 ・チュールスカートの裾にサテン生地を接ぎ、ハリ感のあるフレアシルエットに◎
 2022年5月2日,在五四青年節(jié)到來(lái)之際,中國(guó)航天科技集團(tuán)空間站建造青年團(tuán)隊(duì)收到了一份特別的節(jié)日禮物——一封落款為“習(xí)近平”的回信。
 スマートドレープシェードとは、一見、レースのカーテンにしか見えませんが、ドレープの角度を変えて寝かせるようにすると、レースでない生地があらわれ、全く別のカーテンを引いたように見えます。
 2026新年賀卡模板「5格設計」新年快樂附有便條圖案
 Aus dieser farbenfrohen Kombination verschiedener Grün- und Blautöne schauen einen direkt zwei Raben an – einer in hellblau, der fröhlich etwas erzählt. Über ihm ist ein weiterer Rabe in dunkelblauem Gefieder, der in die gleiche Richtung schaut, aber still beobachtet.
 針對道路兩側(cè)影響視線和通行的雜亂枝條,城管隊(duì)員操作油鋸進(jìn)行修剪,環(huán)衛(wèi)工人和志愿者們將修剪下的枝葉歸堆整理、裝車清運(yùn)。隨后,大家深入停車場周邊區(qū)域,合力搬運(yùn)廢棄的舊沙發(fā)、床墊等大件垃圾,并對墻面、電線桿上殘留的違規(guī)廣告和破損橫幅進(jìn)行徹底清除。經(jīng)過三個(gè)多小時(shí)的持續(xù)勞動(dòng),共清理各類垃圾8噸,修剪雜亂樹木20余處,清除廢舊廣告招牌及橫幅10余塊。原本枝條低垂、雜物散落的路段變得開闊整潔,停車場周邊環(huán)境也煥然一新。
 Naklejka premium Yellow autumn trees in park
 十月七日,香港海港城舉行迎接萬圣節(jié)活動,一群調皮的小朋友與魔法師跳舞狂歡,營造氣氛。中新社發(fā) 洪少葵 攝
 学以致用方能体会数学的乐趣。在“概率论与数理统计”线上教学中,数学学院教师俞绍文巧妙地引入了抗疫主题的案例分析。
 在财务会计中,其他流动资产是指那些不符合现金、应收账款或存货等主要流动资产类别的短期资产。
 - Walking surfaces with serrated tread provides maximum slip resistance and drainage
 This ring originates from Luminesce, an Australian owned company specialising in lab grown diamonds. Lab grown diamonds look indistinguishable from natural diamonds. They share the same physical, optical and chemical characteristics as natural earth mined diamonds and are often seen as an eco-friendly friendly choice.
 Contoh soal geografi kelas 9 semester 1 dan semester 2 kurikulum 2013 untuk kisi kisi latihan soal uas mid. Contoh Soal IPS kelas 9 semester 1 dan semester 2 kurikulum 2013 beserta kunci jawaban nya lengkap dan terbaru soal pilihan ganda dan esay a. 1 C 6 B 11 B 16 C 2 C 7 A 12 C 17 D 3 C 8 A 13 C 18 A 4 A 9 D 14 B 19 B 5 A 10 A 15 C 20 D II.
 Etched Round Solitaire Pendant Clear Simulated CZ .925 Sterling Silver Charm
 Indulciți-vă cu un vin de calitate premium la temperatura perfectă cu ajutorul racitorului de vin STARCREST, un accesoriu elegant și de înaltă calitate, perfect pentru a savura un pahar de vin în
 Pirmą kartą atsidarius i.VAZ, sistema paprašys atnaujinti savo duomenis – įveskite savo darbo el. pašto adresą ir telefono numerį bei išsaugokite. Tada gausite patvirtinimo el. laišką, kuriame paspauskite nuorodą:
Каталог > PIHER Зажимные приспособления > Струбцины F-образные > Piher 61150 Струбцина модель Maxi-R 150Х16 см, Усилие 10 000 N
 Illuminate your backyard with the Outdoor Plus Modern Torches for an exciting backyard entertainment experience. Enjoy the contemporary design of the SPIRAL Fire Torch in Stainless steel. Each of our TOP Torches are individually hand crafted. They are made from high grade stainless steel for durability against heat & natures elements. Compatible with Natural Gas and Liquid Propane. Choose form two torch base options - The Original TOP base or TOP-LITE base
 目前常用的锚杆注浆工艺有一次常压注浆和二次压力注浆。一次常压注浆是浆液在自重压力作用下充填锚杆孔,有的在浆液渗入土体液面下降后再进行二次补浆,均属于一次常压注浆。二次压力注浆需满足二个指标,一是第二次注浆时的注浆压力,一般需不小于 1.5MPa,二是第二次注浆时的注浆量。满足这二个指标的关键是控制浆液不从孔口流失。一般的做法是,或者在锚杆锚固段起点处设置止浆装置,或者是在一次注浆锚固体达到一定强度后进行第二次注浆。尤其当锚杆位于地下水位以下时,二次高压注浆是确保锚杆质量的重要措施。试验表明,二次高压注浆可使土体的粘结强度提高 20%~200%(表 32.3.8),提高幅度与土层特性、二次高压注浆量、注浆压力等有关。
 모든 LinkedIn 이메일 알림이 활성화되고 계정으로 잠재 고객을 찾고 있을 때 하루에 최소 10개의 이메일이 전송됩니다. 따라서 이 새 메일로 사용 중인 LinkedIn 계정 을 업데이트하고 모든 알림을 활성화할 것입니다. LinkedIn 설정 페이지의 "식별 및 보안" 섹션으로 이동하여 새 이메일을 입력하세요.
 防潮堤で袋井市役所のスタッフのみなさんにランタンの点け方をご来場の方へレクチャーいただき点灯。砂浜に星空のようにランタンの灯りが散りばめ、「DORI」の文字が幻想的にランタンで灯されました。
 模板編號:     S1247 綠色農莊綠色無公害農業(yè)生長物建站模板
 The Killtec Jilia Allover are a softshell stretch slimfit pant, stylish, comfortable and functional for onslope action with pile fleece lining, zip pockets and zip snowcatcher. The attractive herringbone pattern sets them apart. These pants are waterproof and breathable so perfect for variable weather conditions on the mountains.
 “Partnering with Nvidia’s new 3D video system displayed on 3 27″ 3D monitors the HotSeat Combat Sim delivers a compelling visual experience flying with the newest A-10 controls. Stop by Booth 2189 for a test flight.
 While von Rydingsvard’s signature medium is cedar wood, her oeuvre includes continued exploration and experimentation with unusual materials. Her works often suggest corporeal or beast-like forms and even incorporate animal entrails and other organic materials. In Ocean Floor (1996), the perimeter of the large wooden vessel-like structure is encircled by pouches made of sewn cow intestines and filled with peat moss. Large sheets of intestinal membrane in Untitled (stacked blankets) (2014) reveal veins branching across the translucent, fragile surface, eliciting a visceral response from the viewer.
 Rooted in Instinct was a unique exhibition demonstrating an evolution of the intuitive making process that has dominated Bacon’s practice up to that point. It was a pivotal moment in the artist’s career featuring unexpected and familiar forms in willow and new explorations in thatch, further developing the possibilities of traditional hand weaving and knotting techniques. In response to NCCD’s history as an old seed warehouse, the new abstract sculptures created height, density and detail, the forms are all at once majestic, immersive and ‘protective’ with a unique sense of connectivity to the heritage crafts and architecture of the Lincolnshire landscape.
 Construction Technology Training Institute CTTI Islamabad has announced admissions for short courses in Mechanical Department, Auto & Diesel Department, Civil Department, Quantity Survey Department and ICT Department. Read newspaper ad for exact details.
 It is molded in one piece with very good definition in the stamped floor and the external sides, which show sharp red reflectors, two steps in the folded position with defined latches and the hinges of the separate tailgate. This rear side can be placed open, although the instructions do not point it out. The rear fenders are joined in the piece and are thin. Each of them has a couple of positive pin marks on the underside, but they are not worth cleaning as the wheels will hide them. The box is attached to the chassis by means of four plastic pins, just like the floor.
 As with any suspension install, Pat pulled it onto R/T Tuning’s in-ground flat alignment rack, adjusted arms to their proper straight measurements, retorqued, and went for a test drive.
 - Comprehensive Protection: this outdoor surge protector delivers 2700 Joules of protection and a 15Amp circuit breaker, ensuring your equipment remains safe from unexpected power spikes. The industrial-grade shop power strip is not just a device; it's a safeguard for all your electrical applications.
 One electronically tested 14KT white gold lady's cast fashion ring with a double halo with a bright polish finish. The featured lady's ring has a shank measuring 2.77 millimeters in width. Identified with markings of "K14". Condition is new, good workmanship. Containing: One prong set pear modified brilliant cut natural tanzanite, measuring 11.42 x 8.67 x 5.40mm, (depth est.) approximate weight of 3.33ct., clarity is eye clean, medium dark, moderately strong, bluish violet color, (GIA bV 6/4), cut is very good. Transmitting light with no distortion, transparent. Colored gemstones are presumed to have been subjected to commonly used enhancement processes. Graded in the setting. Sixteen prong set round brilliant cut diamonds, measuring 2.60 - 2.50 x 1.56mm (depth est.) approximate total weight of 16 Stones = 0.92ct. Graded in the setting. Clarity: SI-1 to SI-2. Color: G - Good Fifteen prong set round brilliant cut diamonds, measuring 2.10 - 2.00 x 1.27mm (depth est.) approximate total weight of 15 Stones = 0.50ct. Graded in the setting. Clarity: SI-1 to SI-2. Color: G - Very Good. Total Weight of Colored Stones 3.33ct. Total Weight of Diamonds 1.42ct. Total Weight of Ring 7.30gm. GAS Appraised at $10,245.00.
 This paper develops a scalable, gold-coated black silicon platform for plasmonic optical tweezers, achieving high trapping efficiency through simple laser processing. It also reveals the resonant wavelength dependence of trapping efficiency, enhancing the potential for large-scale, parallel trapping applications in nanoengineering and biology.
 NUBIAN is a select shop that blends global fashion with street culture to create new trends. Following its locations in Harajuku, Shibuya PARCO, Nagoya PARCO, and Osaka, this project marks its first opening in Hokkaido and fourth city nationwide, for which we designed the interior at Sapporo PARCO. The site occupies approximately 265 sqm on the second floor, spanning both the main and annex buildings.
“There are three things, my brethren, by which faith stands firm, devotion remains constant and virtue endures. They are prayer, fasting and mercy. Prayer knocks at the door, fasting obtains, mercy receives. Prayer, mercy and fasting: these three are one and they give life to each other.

**********

What is needed is how many lines of the listing include the string "other", given as a bare number.

2